Regulux Ltd Company Number: 06882299; VAT Registration Number: 973695071
Seller– Regulux Ltd and associates.

Buyer – The company, organisation, individual who agrees to buy goods from the seller.

Goods – The seller will supply the agreed goods to the buyer within these terms and conditions.


All quotes are valid for 30 days unless otherwise agreed with the buyer.


Credit accounts are strictly payable monthly where payment of invoices fall due at the end of the month following date of invoice. Seller reserves the right to charge the buyer for failing to make payment within the agreed period. Seller will charge an additional percentage rate of 1.5% per month calculated daily from date of invoice until date of actual settlement. Does not apply to International accounts – all goods have to be paid in full prior to dispatch.

New account

Two trade references required. The buyer agrees to pay for goods on a pro forma basis in full until references have been verified by seller and credit limit agreed or a period of trade agreed.


Subject to variation, all orders of goods are on the basis of terms and conditions to the exclusion of all other terms and conditions ( including terms and conditions which are purport to apply under any purchase order, confirmation order, specification or other documents)
Our goods are available for trade only. We reserve the right to refuse orders that we consider are not trade.

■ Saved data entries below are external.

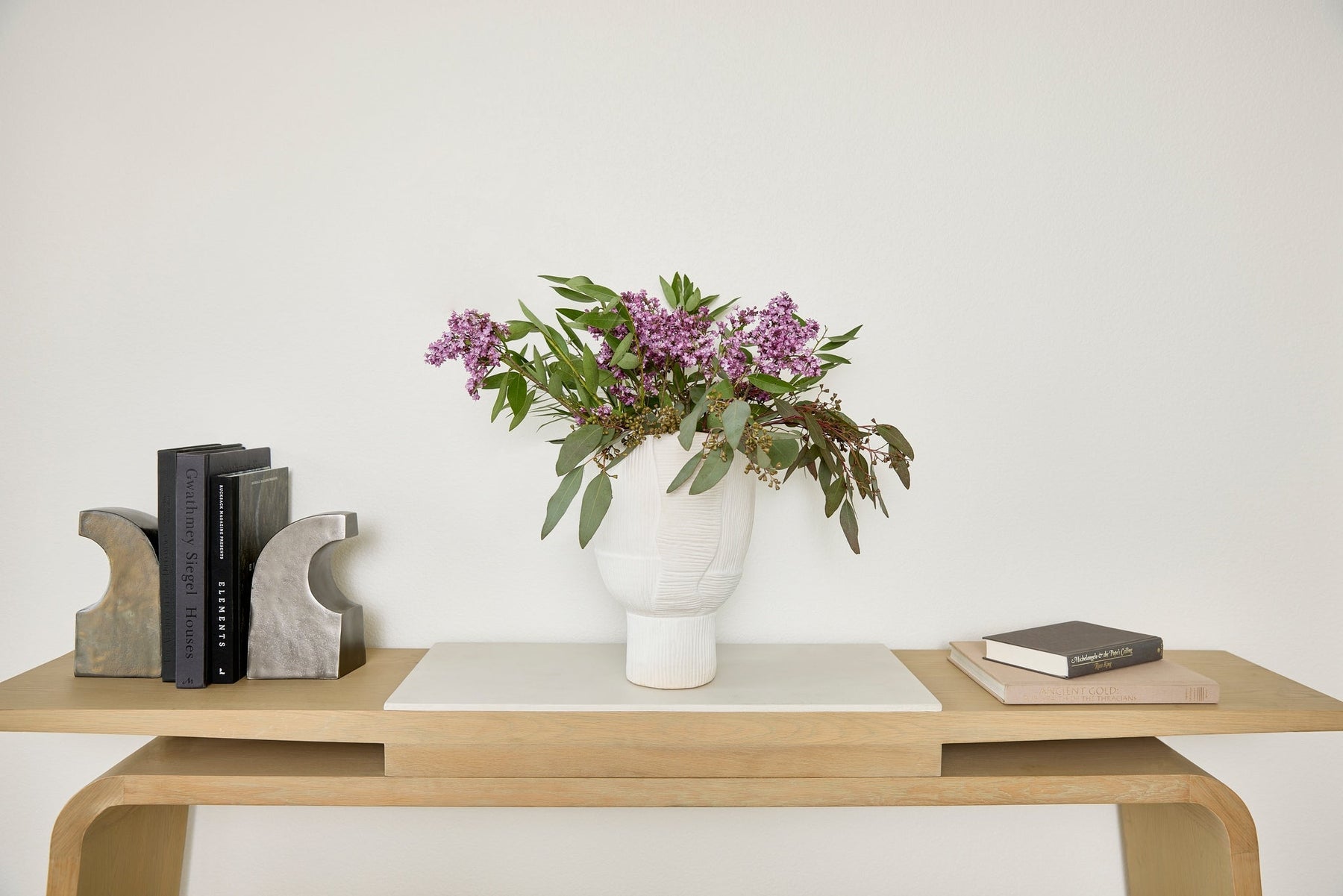 ADCM0220, ASTREAE, CENTRO DE MESA GRANDE es una pieza de cerámica de diseño escultural y orgánico. Este cuenco con pedestal se distingue por su acabado en blanco mate y una superficie ricamente texturizada con estrías verticales irregulares que evocan formas naturales como troncos o conchas. Su borde superior presenta un contorno ondulado y asimétrico, rompiendo con la rigidez geométrica. La base de pedestal eleva el cuerpo principal, otorgándole elegancia y presencia vertical. Es ideal para exhibir arreglos florales sueltos o simplemente como objeto de arte en consolas y mesas auxiliares. MEDIDAS 24.13 x 24.13 x 35.56 cm, el color y la textura pueden variar ligeramente de las fotografías.
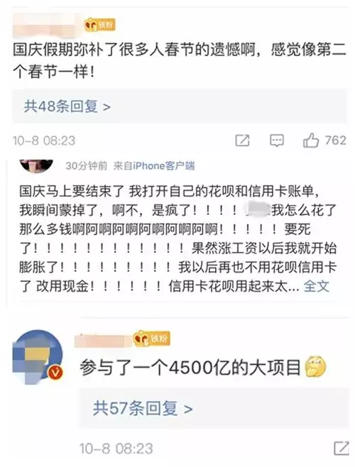 很多網友這樣評價這個黃金周,「好像有魔力,不知不覺就花了幾千元,沒有5000元都不好意思往外曬。」還有網友稱,“國慶假期彌補了很多人春節的遺憾,就像第二個春節一樣。”
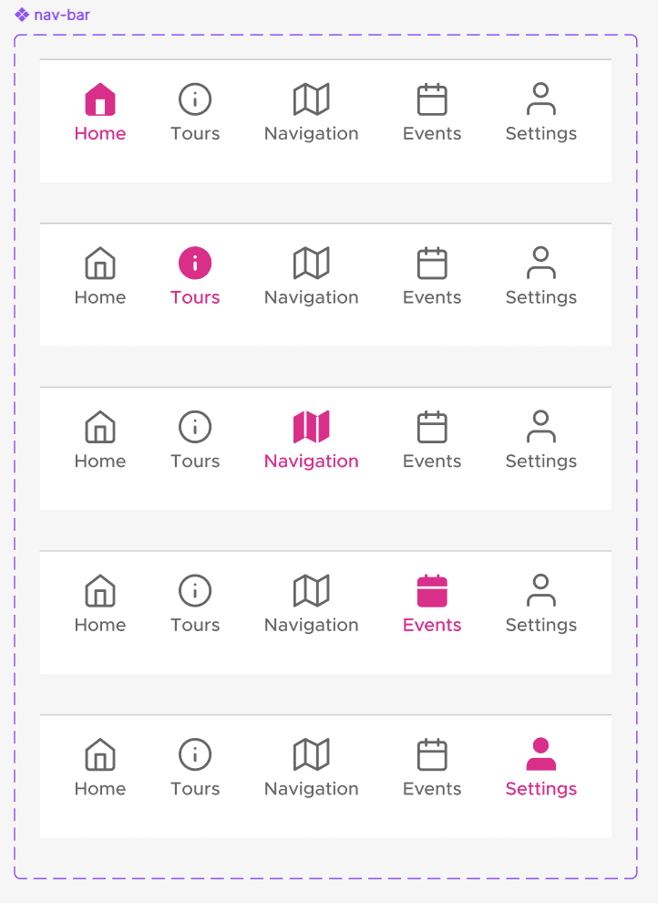 In short, improving the navigation experience became our priority. To address this core problem, we needed a system that seamlessly connects exhibition discovery with clear wayfinding. Therefore, we redesigned the information hierarchy of OAG Explore and organized it into five main pages: Home, Tours, Navigation, Events, and Profile.

Description of goods, samples, drawings, specifications, advertising material issued by the seller or any other descriptions or illustrations contained in any material issued for the sole purpose of providing an approximate description.
Colour finishes and matching of goods cannot be guaranteed by seller. Colour finishes will be maintained as accurately as possible. All goods purchased from the seller will have 365 days guarantee from the date of delivery/collection. The guarantee extends to replacement or credit for faulty goods and does not extend to cover any other costs.
The seller shall have no liability under this guarantee to the extent that the goods have been incorrectly fitted or maintained , misused, subject to neglect, carelessness, improper handling or abnormal conditions or involved in any accident or any attempt at repair, replacement or modification has been made without the sellers knowledge or by the fitting of an accessory not approved by the seller.

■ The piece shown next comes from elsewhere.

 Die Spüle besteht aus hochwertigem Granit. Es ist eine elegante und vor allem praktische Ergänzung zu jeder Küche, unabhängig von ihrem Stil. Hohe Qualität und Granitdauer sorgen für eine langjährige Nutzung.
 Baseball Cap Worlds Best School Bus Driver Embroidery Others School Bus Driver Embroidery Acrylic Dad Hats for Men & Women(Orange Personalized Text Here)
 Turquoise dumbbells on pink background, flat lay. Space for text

Damage or short deliveries must be reported within 2 working days of receipt of delivery / collection.

Returns authorisation number must be obtained prior to returning goods. Any goods received without notice will be returned & returns carriage will apply to buyers account.

Items returned faulty but after test report indicates goods are in working order 30% handling charge will apply.

Any advance replacement items requested will require an order number from buyer until faulty goods have been returned with a authorisation number obtained from customer services.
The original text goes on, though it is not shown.